Solving trigonometric integrals involves integrating functions with trigonometric expressions. It's key to recognize and use trigonometric identities effectively. For instance, knowing the Pythagorean identities, like \(\csc^2 t = 1 + \cot^2 t\), can transform a tricky integral into a sum of simpler integrals.

After simplifying the original integral to \( \int \tan t \, dt + \int dt \), we deal with basic trigonometric forms whose antiderivatives we should know. The integral of \( \tan t \) is challenging for some students, but remembering that \( \tan t = \frac{\sin t}{\cos t} \) can help us to find that its antiderivative is \( -\ln|\cos t| \). Knowing these standard results helps speed up the integration process.

Calculus, the mathematical study of continuous change, is a field that encompasses many concepts, including limits, derivatives, integrals, and the study of infinite series. Indefinite integrals, like the one in our exercise, are a fundamental concept. They represent the general function whose derivative is the original function we're integrating.

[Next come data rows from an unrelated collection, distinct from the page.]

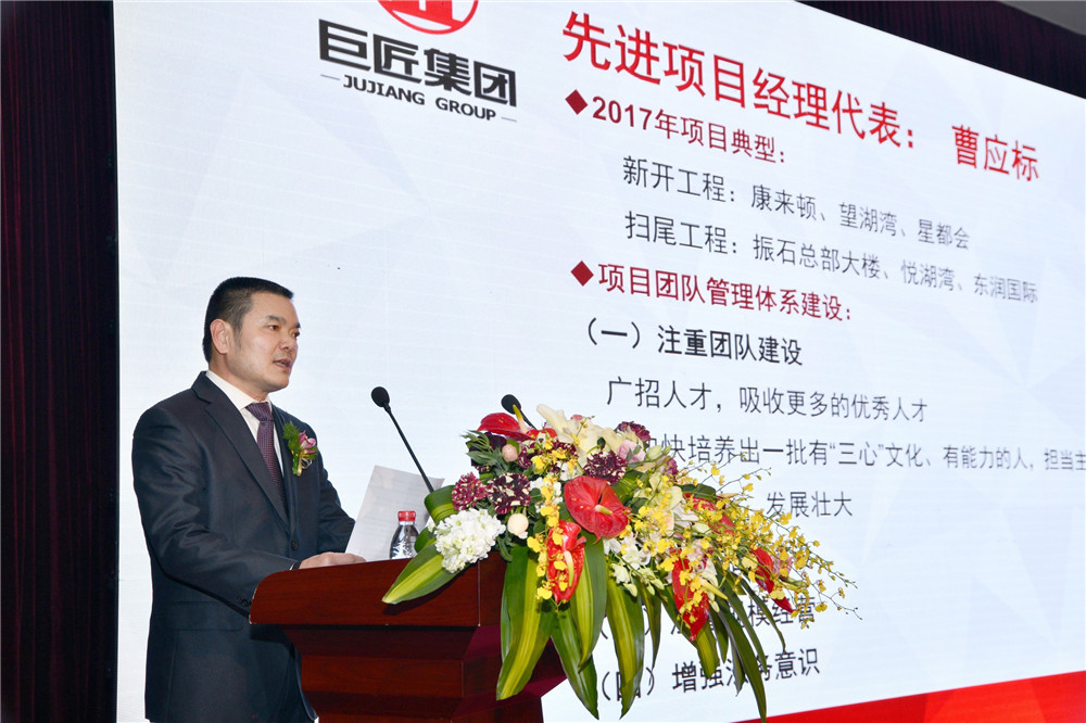1月27日,巨匠集團2017年度總結表彰大會在總部隆重召開。本次大會是貫徹落實黨的十九大和中央經濟工作會議精神,回顧總結2017年工作,表彰獎勵了年度先進集體、先進項目經理和先進工作者,部署2018年度工作目標的一次重要會議。全體行政人員、項目經理、優秀班組長及家屬朋友等1000余人參加會議。
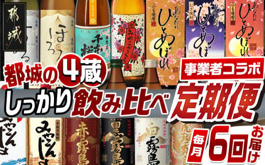 【事業者コラボ定期便】都城の4蔵しっかり飲み比べ焼酎6回定期便≪毎月≫_T79-MY01_(都城市) 霧島酒造 柳田酒造 大浦酒造 都城酒造 霧島するる 霧島ほろる 山田錦千本桜 あなたにひとめぼれ 黒麹仕込み みやこんじょ 白霧島 黒霧島 赤霧島 虎斑霧島 25度 20度 900ml 720ml 1800ml
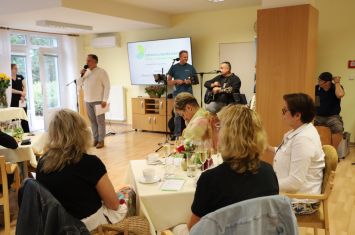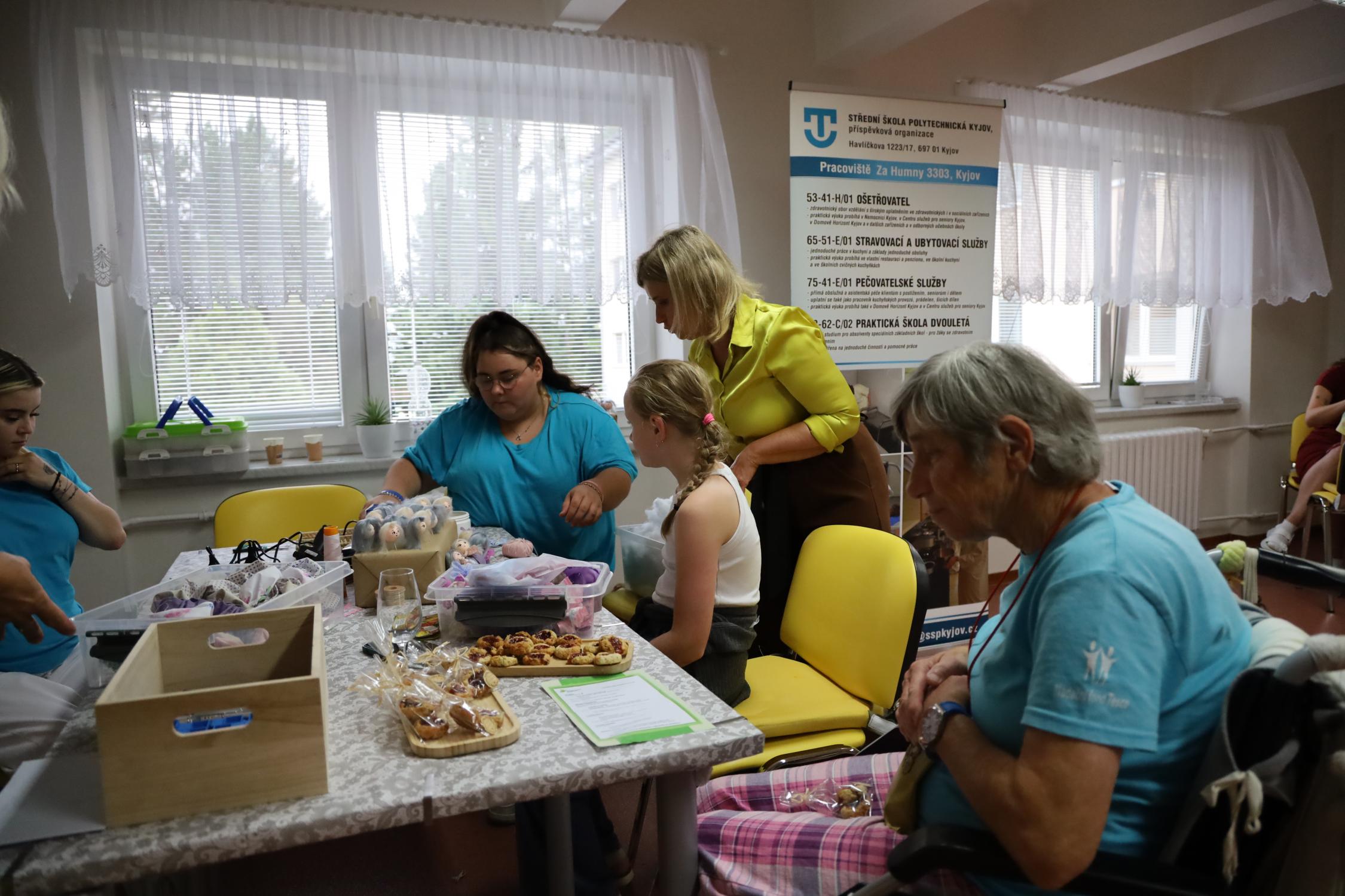 Tradiční den otevřených dveří se po roce zase vrátil do našeho domova, kde to od jara svítí novotou. Alespoň v původní budově, kterou jsme kompletně zrekonstruovali a návštěvníci si mohli nové prostory prohlédnout. Ve spolupráci s našimi tradičními partnery - Klvaňovo gymnázium a Střední zdravotnická škola Kyjov, Střední polytechnická škola Kyjov, terapeuty, a především s vydatným přispěním našich zaměstnanců, se podařilo připravit úžasné odpoledne plné aktivit pro naše seniory, návštěvníky i děti. Dobrou náladu zajistila také skvělá kapela Kdo má čas z Mikulova.
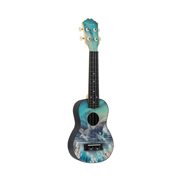 Размер - soprano (сопрано)Верхняя дека - липаКорпус - пластикГриф - пластикНакладка на гриф - пластикЦвет - синийРисунок - Драконы

The simplicity of the final result, \( -\ln|\cos t| + t \), belies the often-complex process involved in reaching it. Mastering calculus requires practice and an understanding of how to manipulate equations and apply various mathematical techniques. By studying exercises step-by-step and recognizing the underlying principles, such as trigonometric identities and integration techniques, students can improve their problem-solving skills significantly.